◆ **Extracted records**
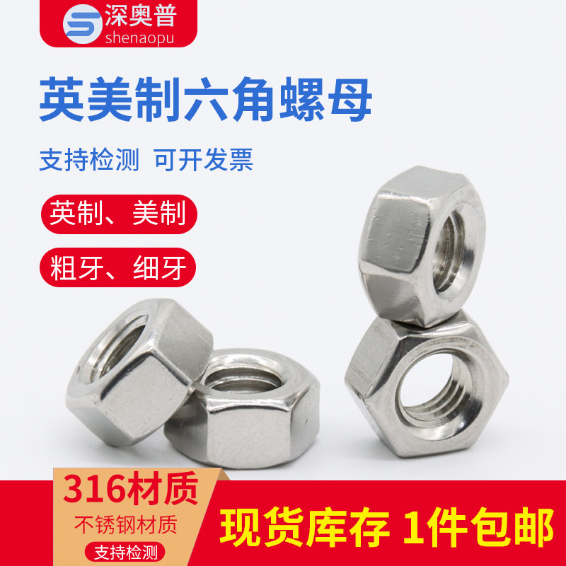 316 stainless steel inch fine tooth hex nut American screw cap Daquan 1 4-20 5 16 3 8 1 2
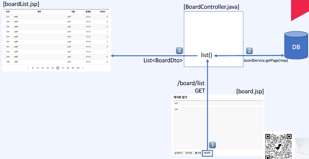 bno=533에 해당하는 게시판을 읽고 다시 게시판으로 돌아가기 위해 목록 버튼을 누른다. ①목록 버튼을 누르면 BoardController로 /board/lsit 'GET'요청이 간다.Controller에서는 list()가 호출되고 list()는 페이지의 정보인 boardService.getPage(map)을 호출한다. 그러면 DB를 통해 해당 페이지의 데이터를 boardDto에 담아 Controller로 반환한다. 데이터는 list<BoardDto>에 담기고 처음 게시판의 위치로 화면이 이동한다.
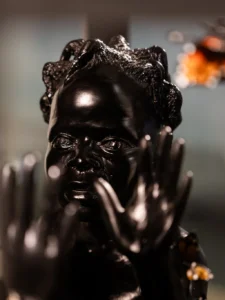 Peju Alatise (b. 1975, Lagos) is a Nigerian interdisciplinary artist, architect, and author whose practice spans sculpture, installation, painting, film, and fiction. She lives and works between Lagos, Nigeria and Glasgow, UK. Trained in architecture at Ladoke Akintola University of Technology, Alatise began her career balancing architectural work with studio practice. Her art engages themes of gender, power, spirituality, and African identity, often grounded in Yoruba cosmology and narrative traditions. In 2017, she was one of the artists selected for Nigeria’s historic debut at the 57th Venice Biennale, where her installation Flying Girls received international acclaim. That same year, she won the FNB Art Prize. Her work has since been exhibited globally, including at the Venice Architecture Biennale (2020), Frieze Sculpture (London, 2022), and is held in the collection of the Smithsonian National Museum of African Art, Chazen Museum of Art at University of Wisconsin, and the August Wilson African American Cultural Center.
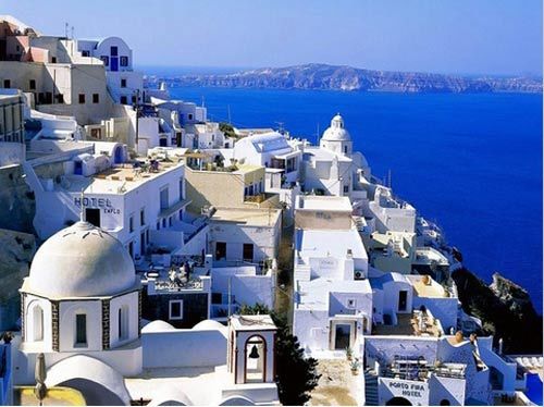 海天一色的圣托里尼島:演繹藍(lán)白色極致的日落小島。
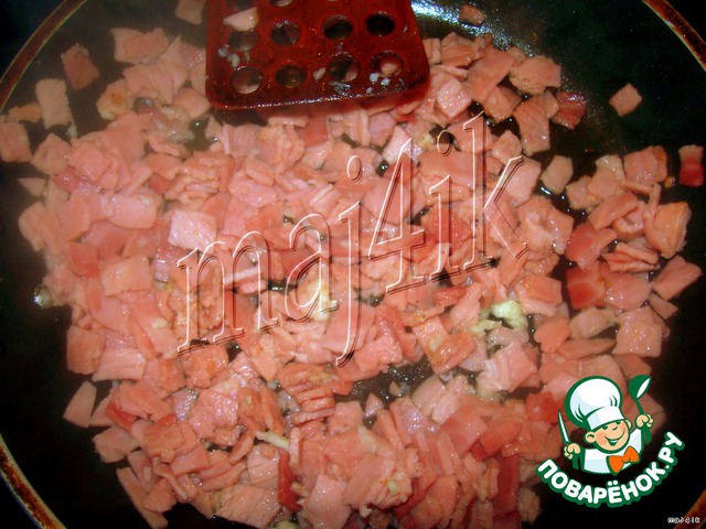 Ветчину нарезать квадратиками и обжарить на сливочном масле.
--
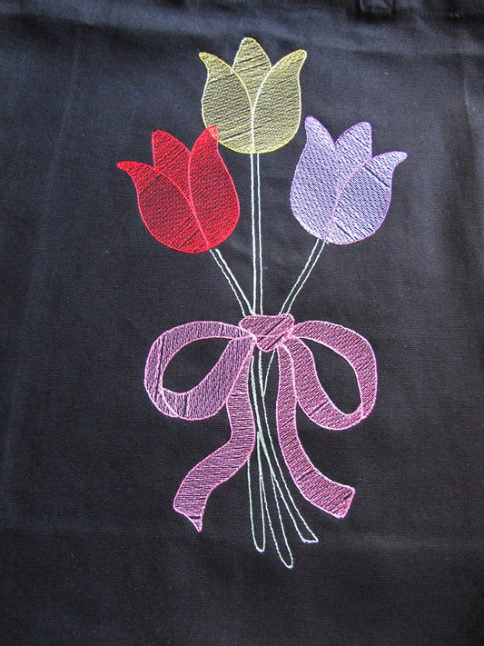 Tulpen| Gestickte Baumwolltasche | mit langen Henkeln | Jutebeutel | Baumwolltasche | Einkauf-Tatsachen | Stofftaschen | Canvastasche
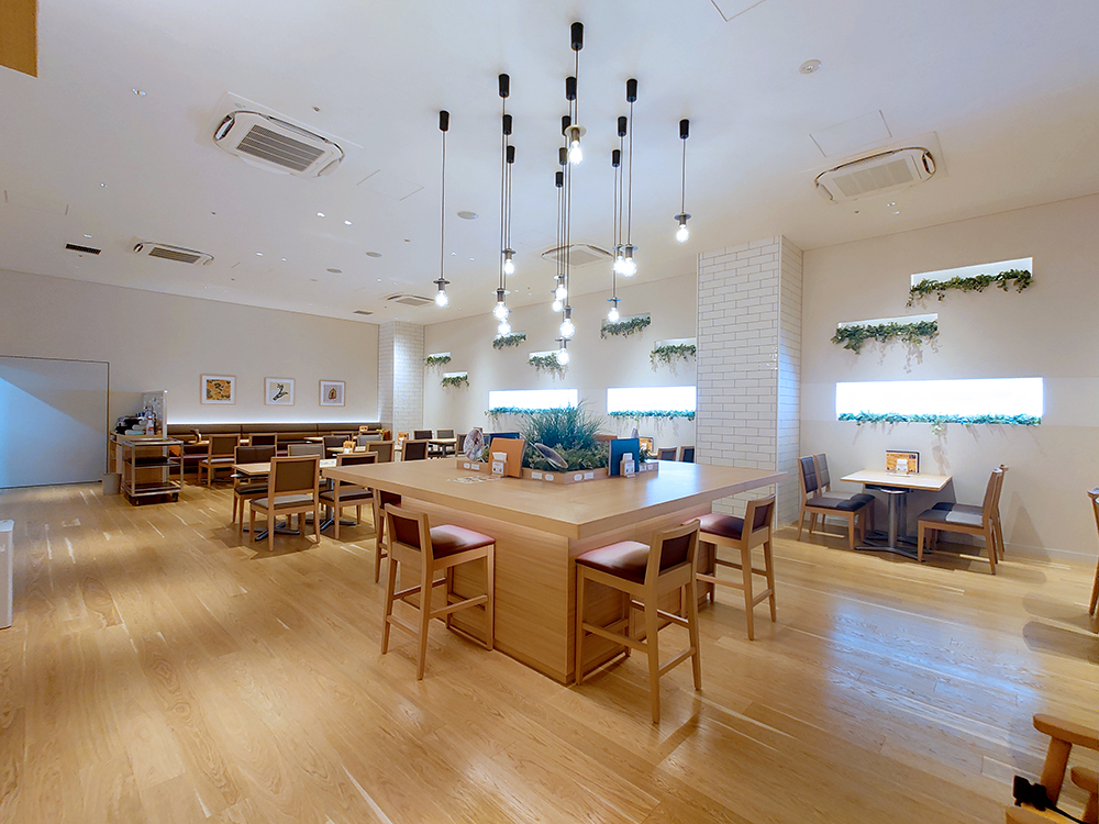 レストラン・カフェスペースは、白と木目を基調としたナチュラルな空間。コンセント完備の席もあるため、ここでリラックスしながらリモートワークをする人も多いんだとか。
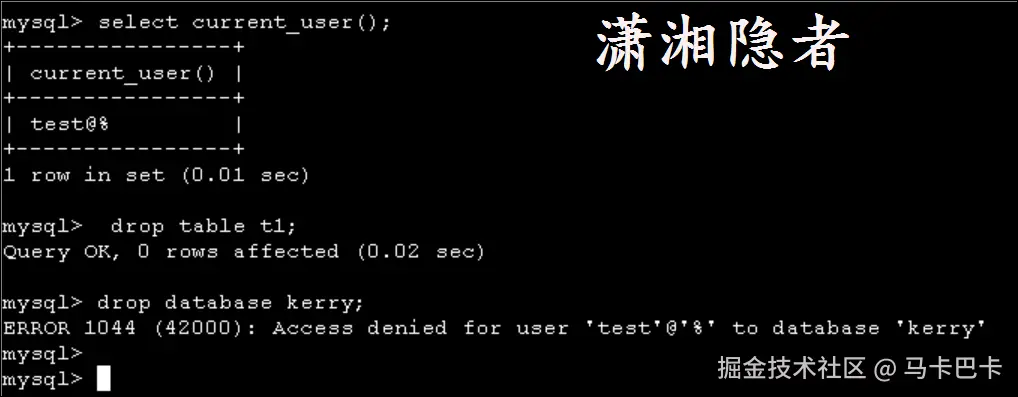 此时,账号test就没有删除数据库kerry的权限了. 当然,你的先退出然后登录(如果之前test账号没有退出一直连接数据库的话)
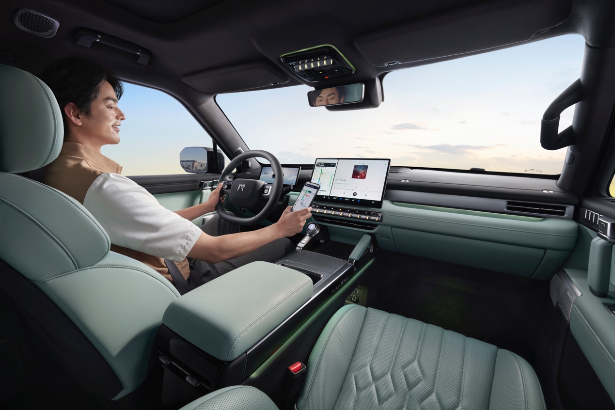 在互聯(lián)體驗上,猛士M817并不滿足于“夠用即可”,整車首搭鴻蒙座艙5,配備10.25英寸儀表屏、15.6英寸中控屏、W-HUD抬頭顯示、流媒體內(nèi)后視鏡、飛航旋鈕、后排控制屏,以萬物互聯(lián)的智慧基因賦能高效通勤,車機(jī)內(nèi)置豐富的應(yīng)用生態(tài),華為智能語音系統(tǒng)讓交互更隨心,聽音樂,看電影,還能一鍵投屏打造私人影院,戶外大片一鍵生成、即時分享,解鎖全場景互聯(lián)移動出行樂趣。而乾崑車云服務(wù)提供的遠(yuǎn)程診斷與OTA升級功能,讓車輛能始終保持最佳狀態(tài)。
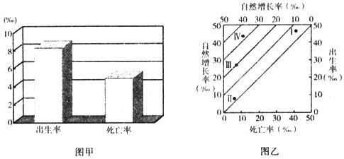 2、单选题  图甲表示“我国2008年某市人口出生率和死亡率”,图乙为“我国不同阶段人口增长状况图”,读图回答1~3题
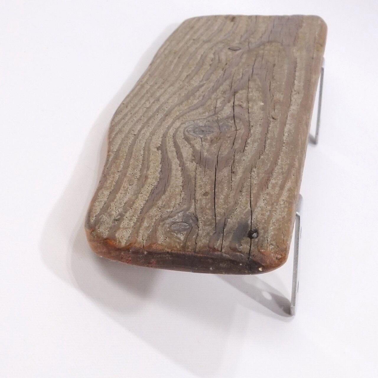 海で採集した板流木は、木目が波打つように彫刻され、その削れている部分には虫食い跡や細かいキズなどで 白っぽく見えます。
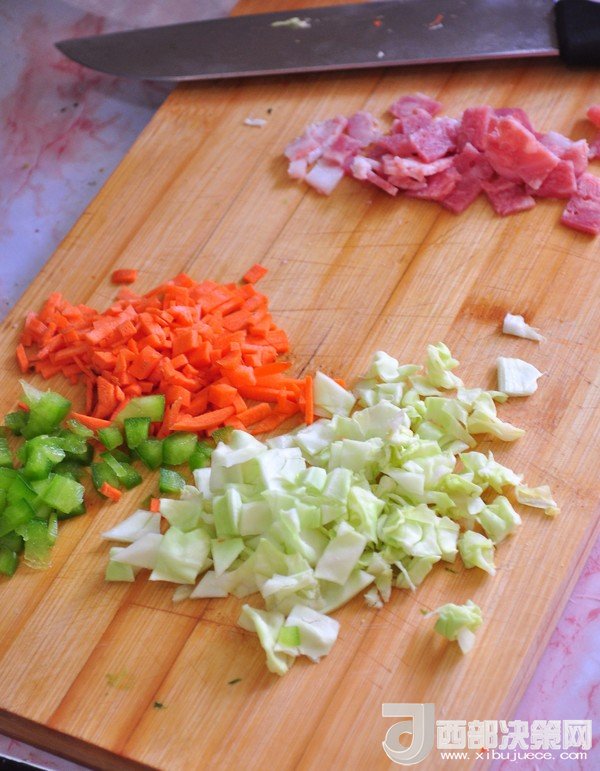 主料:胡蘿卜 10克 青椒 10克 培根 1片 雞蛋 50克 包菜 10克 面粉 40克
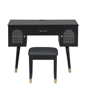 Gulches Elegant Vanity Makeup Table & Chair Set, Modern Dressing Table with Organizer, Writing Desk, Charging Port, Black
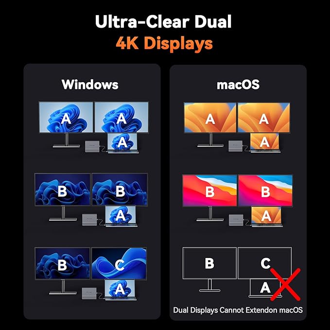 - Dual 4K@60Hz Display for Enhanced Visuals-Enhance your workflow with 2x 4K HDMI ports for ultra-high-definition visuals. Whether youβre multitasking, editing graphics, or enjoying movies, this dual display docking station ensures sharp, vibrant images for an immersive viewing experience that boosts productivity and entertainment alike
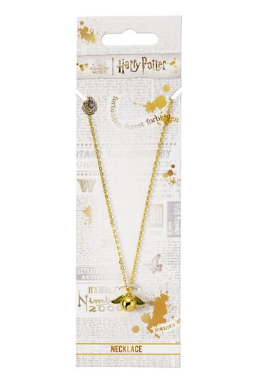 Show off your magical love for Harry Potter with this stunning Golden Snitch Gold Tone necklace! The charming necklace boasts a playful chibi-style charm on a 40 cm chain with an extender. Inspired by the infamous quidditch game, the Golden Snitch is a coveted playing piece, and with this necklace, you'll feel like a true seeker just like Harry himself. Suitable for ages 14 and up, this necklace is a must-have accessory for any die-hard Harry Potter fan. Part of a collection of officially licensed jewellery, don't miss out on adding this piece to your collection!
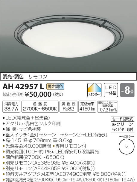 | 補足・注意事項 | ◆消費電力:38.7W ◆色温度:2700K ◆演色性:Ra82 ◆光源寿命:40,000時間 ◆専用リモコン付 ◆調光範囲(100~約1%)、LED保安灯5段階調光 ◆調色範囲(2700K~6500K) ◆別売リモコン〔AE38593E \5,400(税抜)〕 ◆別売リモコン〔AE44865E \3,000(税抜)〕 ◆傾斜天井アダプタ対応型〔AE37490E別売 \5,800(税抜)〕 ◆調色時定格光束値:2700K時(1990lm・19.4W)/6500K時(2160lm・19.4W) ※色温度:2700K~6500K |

◆ **Your task**
Give again the stretch of the entries above that begins at the line with "316 stainless steel" and ends at the line with "bno=533에 해당하는 게시판을", word for word, with no pictures.

◆ **Reply**
 316 stainless steel inch fine tooth hex nut American screw cap Daquan 1 4-20 5 16 3 8 1 2
 bno=533에 해당하는 게시판을 읽고 다시 게시판으로 돌아가기 위해 목록 버튼을 누른다. ①목록 버튼을 누르면 BoardController로 /board/lsit 'GET'요청이 간다.Controller에서는 list()가 호출되고 list()는 페이지의 정보인 boardService.getPage(map)을 호출한다. 그러면 DB를 통해 해당 페이지의 데이터를 boardDto에 담아 Controller로 반환한다. 데이터는 list<BoardDto>에 담기고 처음 게시판의 위치로 화면이 이동한다.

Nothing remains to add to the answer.